### DATASET EXTRACT
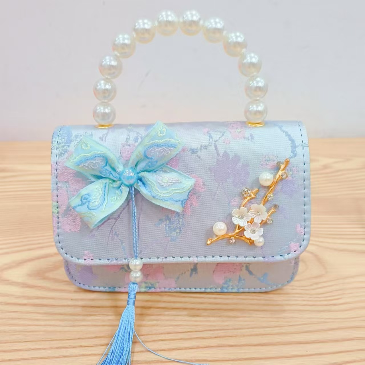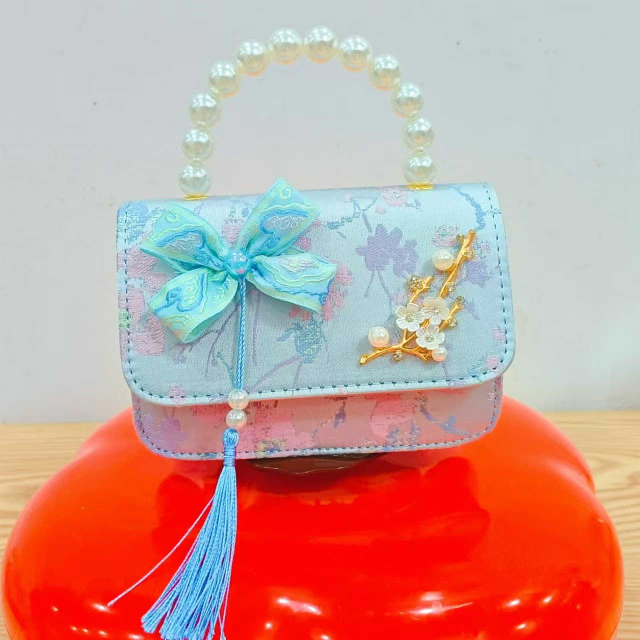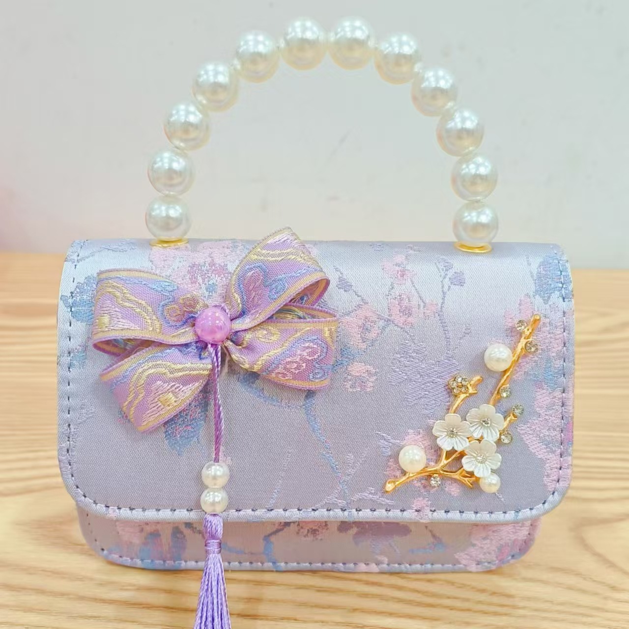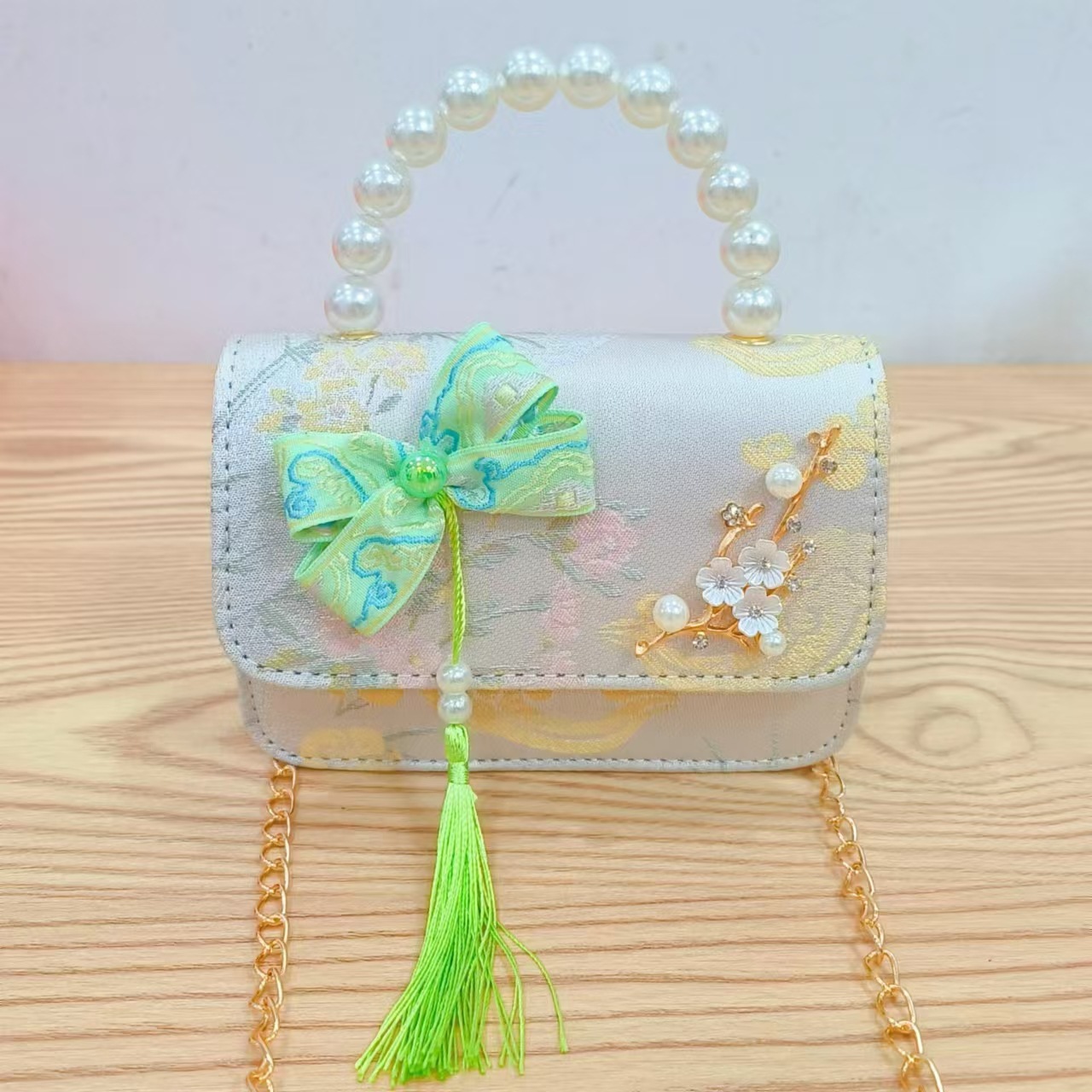 国风公主包链条小方包珍珠手提包女孩斜挎压岁钱包六一儿童节礼物
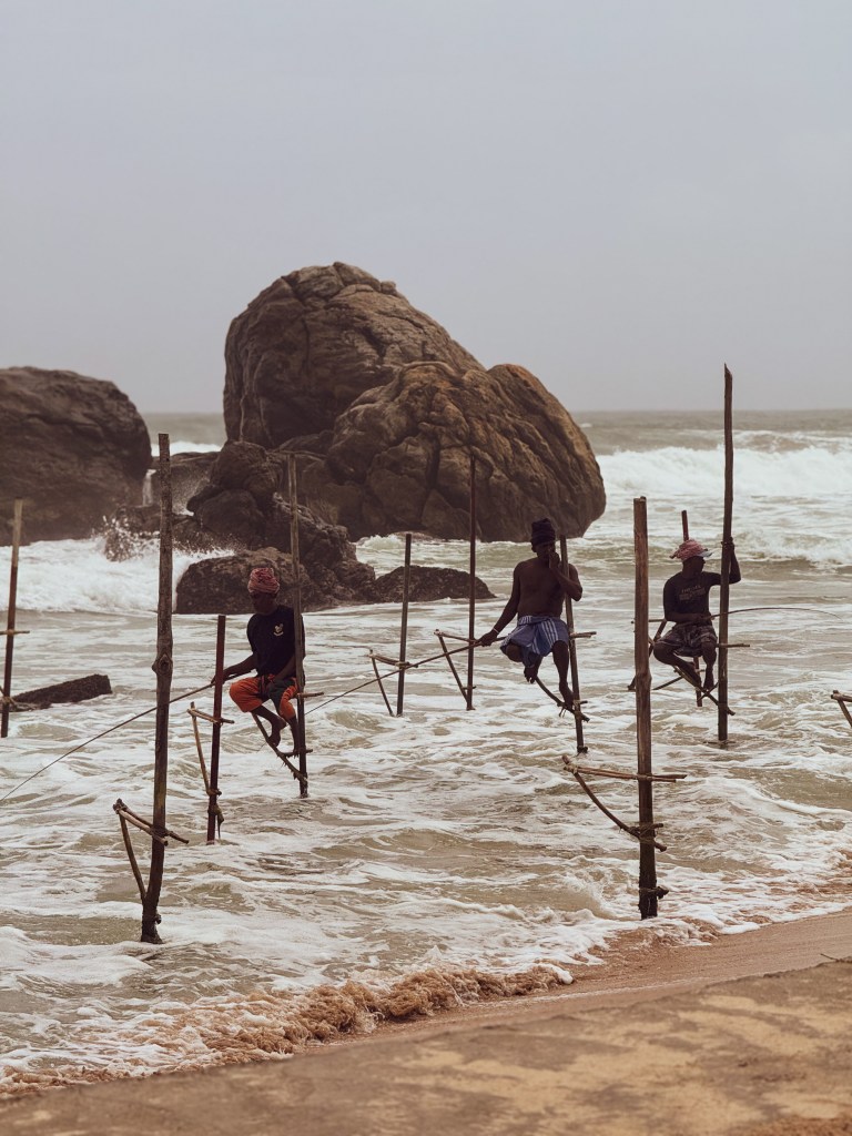 On a aussi croisé une scène assez fascinante sur la côte : des pêcheurs en train de pratiquer la fameuse pêche perchée, typique du sud du Sri Lanka. Cette technique, qu’on voit surtout autour de Galle et Weligama, consiste à s’asseoir en équilibre sur un bâton planté dans l’eau, à quelques mètres du rivage. Le pêcheur grimpe sur une petite perche horizontale, comme un siège improvisé, et reste là, suspendu au-dessus des vagues, avec sa ligne à la main. À la base, cette méthode remonte à la période après la Seconde Guerre mondiale, quand les ressources étaient limitées et que les pêcheurs devaient trouver des solutions pour continuer à pêcher sans bateaux ni équipements coûteux. C’est devenu avec le temps une image emblématique du pays, même si aujourd’hui, elle est plus rare et parfois recréée pour les visiteurs.
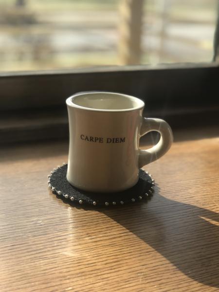 Individual coaster with beaded edges. Coasters are made from felted wool and measure 5 inches in diameter and are handstitched. Spot clean with a damp cloth or handwash if necessary and dry flat.
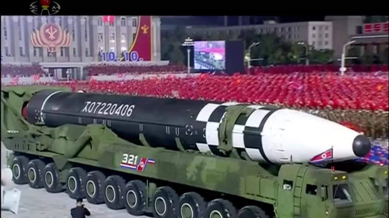 Ảnh chụp từ video do đài truyền hình Nhà Nước Bắc Triều Tiên KRT phát đi, cho thấy một chiếc tên lửa có thể là loại hỏa tiễn liên lục địa mới, trong cuộc diễu binh trên Quảng Trường Kim Nhật Thành ở B́nh Nhưỡng (Bắc Triều Tiên) ngày 10/10/2020. AP
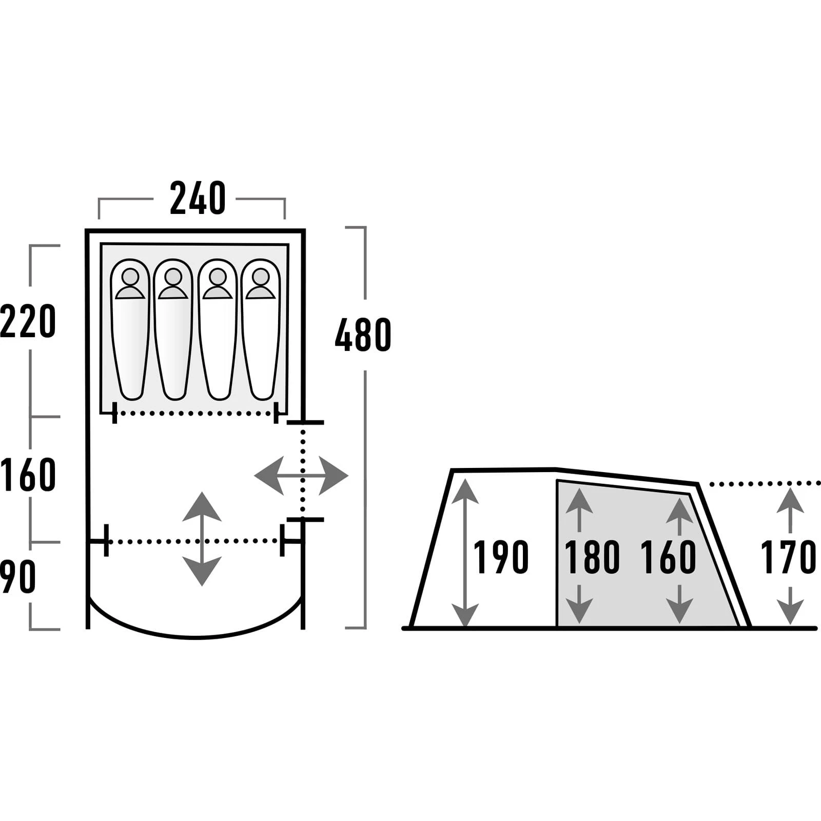 | Maße Außenzelt ca. | 480 x 260 x 190 cm |
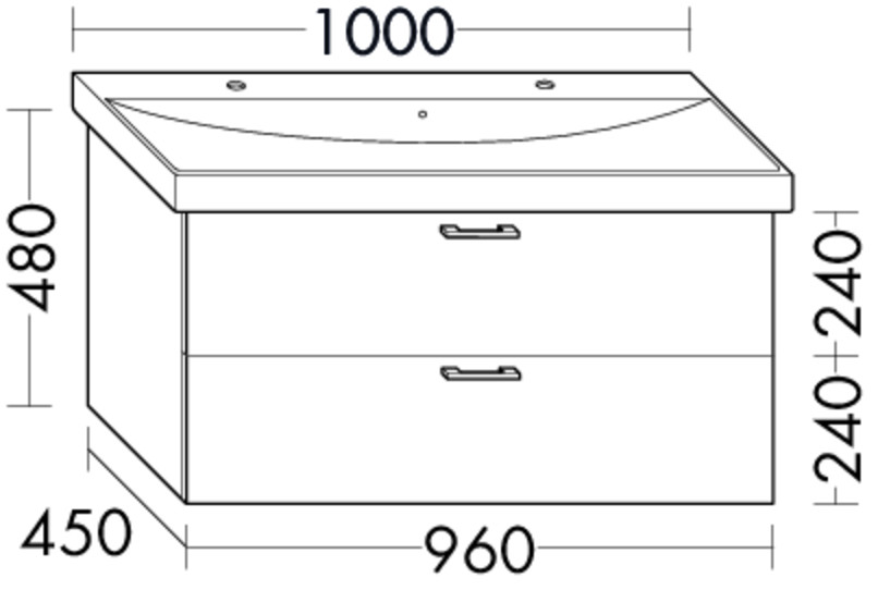 FORMAT Design Waschtisch-Unterschrank WVPY096 960x480x450mm, 1 Schublade/1 Auszug, weiß matt W387724
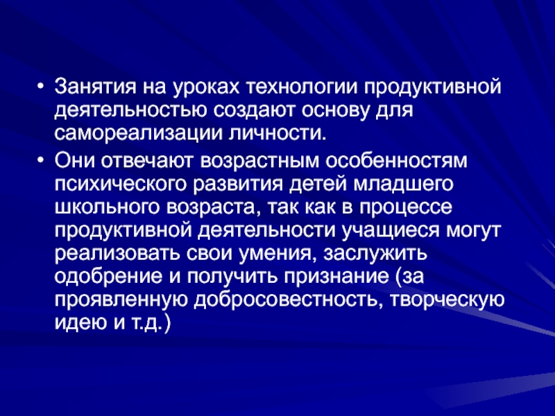 Занятия на уроках технологии продуктивной деятельностью создают основу для самореализации личности. Они отвечают возрастным особенностям психического развития
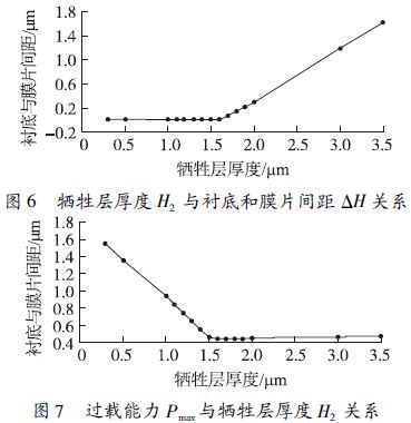利用非線性接觸分析與線性分析的仿真方法,對犧牲層厚度H2在0. 3 μm ~ 3. 5 μm 之間變化時進行具體的仿真,給出了膜片最大應力達到硅的斷裂強度時,襯底和膜片之間的距離ΔH 與犧牲層厚度H2的關系,如圖6 所示。同時也給出了膜片最大應力達到硅的斷裂強度時所施加的壓力載荷Pmax( 過載能力) 與犧牲層厚度H2關系,如圖7 所示.
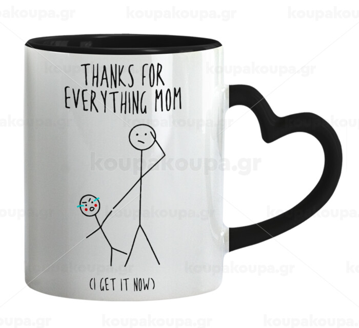 Thanks for everything mom, Κούπα καρδιά χερούλι μαύρη, κεραμική, 330ml
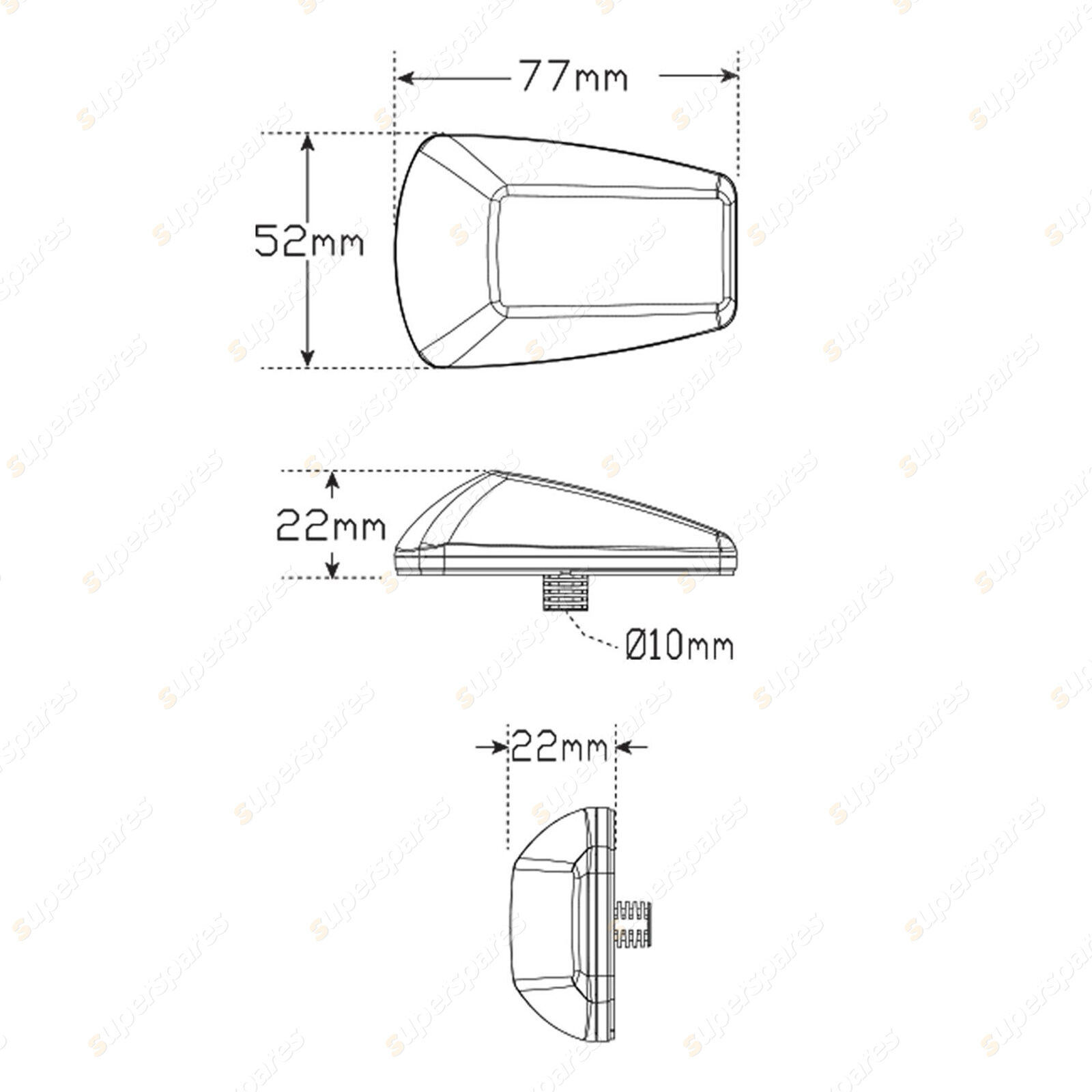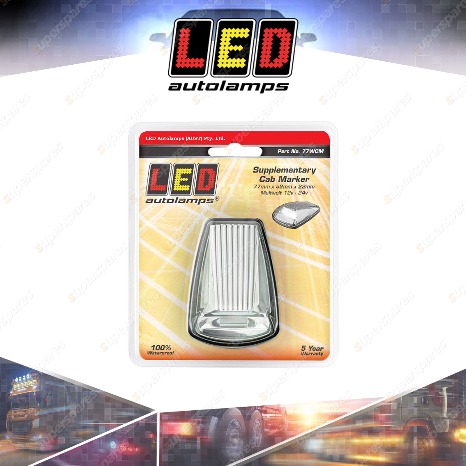 Supplementary cab marker with white LEDs, Clear lens, 9-32 volt, 77mm x 52mm x 22mm, 5 year warranty, Blister
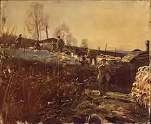 Although he volunteered to join the Army, he was assessed as unfit to fight. In 1917, his participation in the war was limited to a civilian job outside Reading, processing tens of thousands of Canadian horses en route to France — and often to death. Later, he was assigned to one of the horse remount depots on the Western Front.[7] Munnings's talent was employed as a war artist to the Canadian Cavalry Brigade, under the patronage of Max Aitken, in the latter part of the war. During the war he painted many scenes, including in 1918 a portrait of General Jack Seely mounted on his horse Warrior (now in the collection of the National Gallery of Canada, Ottawa).[8] Munnings worked on this canvas a few thousand yards from the German front lines. When General Seely's unit was forced into a hasty withdrawal, the artist discovered what it was like to come under shellfire.[9]
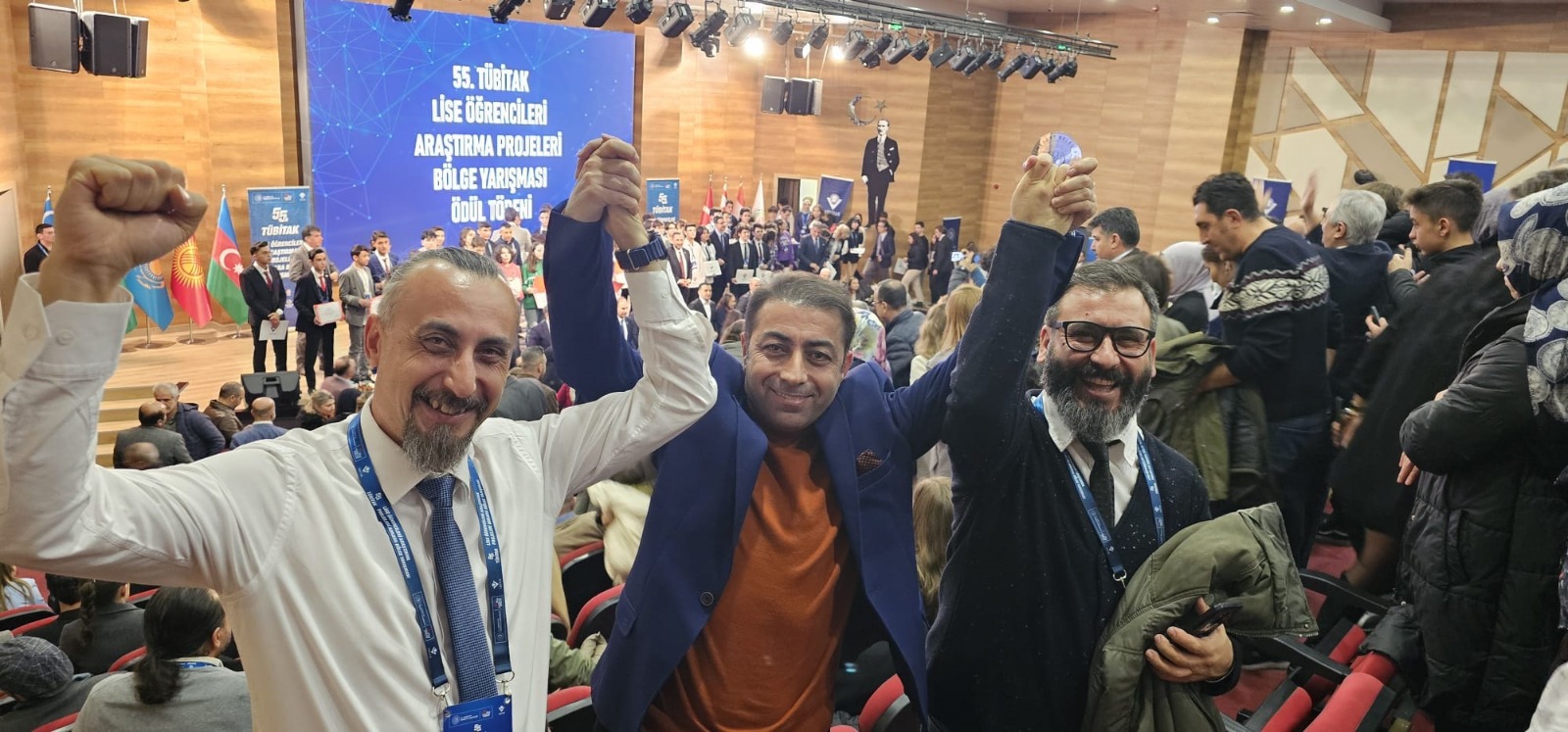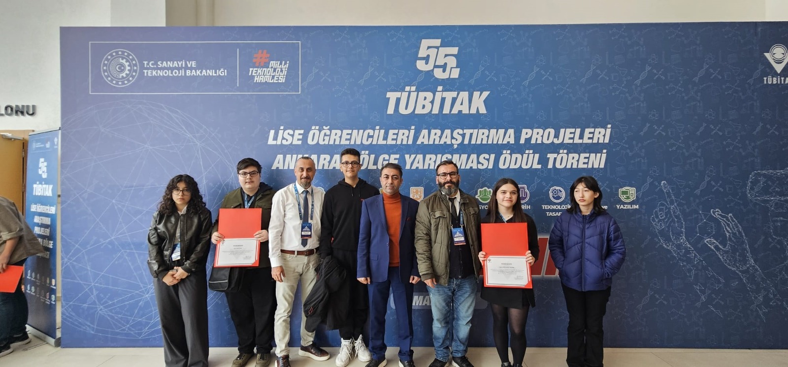 BİLSEM Müdürü Fatih Akyüz ile birlikte; Etimesgut Belediyesi Türk Tarih Müzesi Konferans Salonunda düzenlenen törende; BİLSEM Fizik öğretmeni Adnan Akyüz, rehberlik ettiği öğrenci Onat Akın, Matematik öğretmeni Mustafa Kemal İnce ve rehberlik ettiği Öğrenci Zeren Ecem Akdemir yer aldı.

### WHAT IS EXPECTED
Transcribe, exactly and without pictures, everything in the data from the line with "Individual coaster with" down to the line with "FORMAT Design Waschtisch-Unterschrank", both included.

### RESPONSE BOX
 Individual coaster with beaded edges. Coasters are made from felted wool and measure 5 inches in diameter and are handstitched. Spot clean with a damp cloth or handwash if necessary and dry flat.
 Ảnh chụp từ video do đài truyền hình Nhà Nước Bắc Triều Tiên KRT phát đi, cho thấy một chiếc tên lửa có thể là loại hỏa tiễn liên lục địa mới, trong cuộc diễu binh trên Quảng Trường Kim Nhật Thành ở B́nh Nhưỡng (Bắc Triều Tiên) ngày 10/10/2020. AP
 | Maße Außenzelt ca. | 480 x 260 x 190 cm |
 FORMAT Design Waschtisch-Unterschrank WVPY096 960x480x450mm, 1 Schublade/1 Auszug, weiß matt W387724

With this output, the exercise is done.